Valuing individual soccer players more precisely and accurately is likely to require newer, better data. That is, goals and assists just won't get the job done anymore---not that it ever really did. It is no easy feat trying to pinpoint Graham Zusi's value to Sporting Kansas City, or Diego Valeri's Value to Portland, or Kyle Beckerman's value to Real Salt Lake. That said, there is a position that is probably a littler easier to value: the goalkeeper. I don't think it's a stretch to say that at least 90 percent of goalkeeping value is tied up in protecting the net---as opposed to distribution, for instance. Thus it is our mission to begin quantifying a keeper's ability to keep the ball out of the net, while attempting to control for his defense's ability. No more of this "Jimmy Nielsen is God's gift to the netting" BS. At the same time, we can assess the shooting traits of all field players.

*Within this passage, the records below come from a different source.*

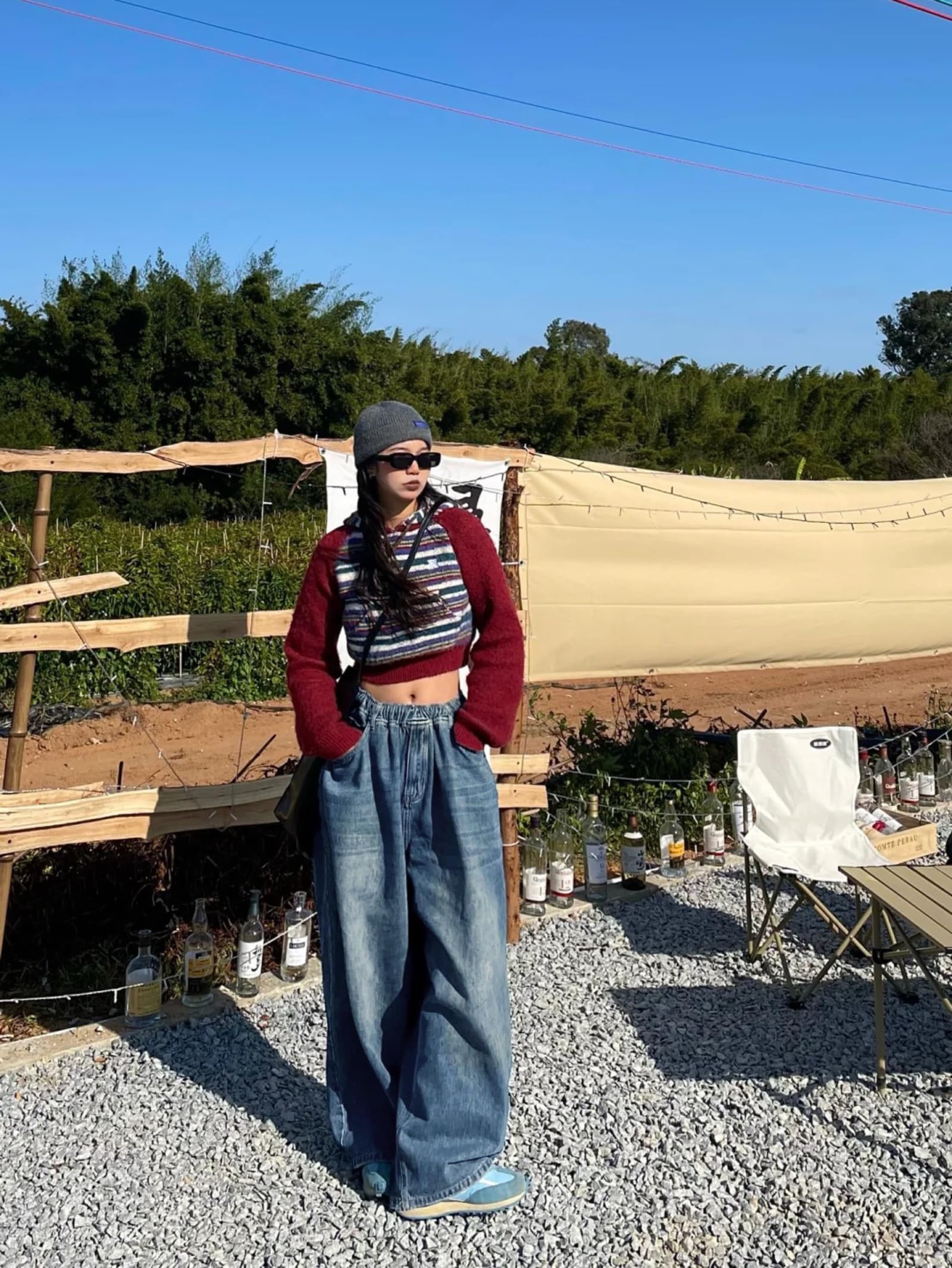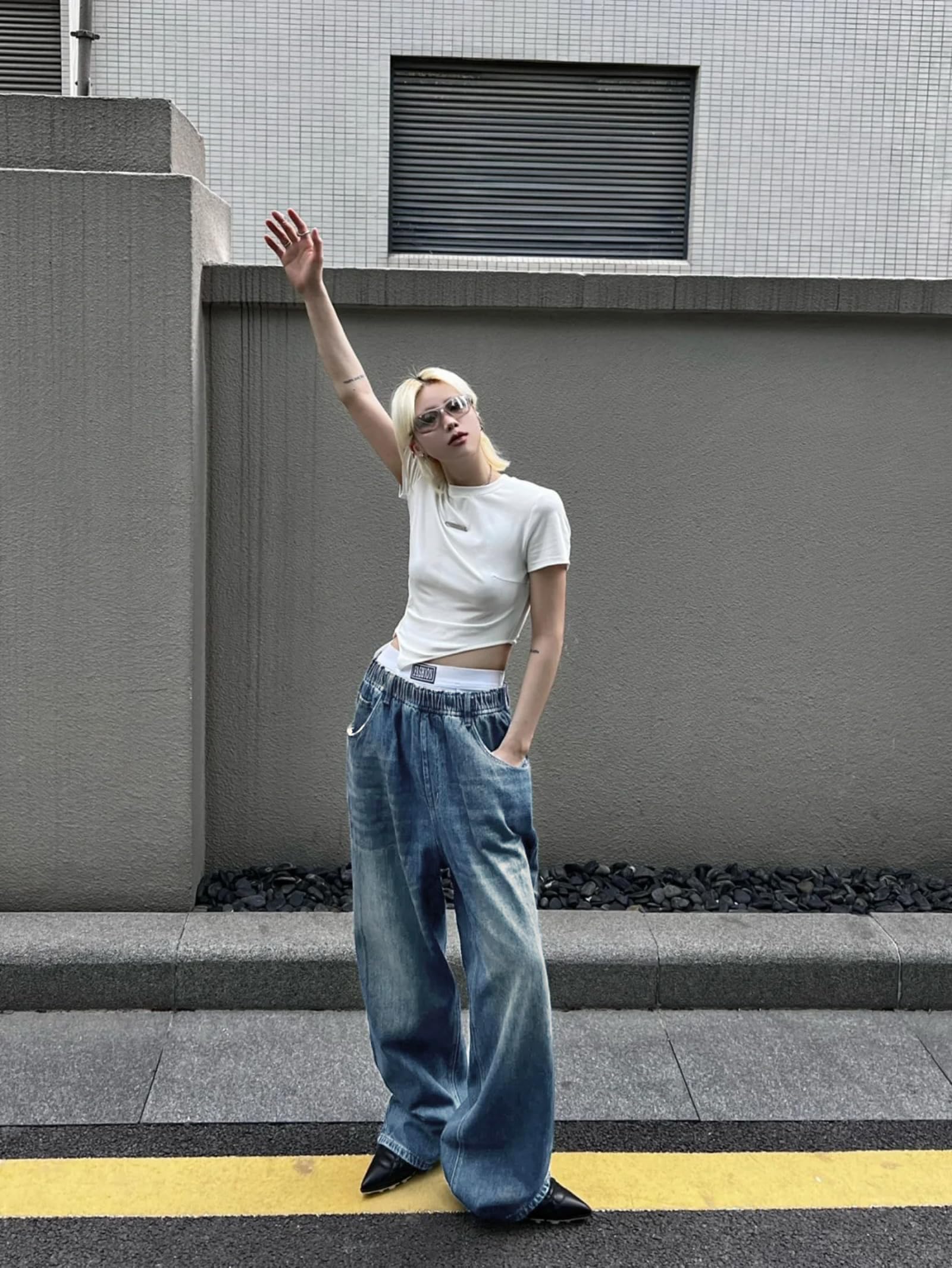 Y2K BAGGY WIDE LEG: Embrace the Y2K vibe with these vintage baggy jeans, featuring intentional distressing on pockets. Includes zip fly, button closure, and adjustable belt loops for a customizable oversized silhouette. The wide leg cut adds a chic street touch to your look.
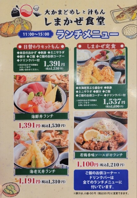 メニュー見たらまた行ってみたいと思った「しまかぜ食堂」さんでした
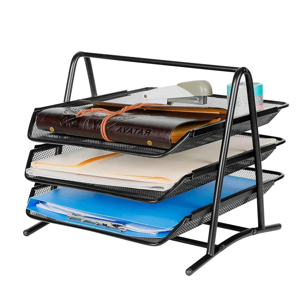 Organisateur de fichiers de bureau coulissant à trois niveaux, porte-fichiers/documents/lettres/A4 en maille métallique avec séparateurs coulissants - noir

With the current data available publicly, we can look at each shot's location of origin---as we have already done on the site for 2013---and then also each shot's eventual target on or around the goal frame. Knowing how close the shooter was to the goal and where he placed the ball can give us idea of whether a keeper should have saved it. With our newer version of Expected Goals, a statistic such as "Goals Above Average" could be created. Our second version of updated goalkeeper ratings can be found here.
Some components of each shot to consider:
- Shot Origin
- Shot Placement
- Headed or kicked
- Run of play vs. free kick/corner kick/penalty/throw-in
- Clean save, rebound in box, corner conceded, or clearance
And now, what can we do with it?
- Goalkeeper ratings
- Individual stabilization rates, as calculated by Russell Carleton for baseball
- Markov Processes: given the current state of the game, what's likely to happen next? How long will it take?
We are building the databases now, and with every new game in the data set, our understanding of goalkeeper values deepens.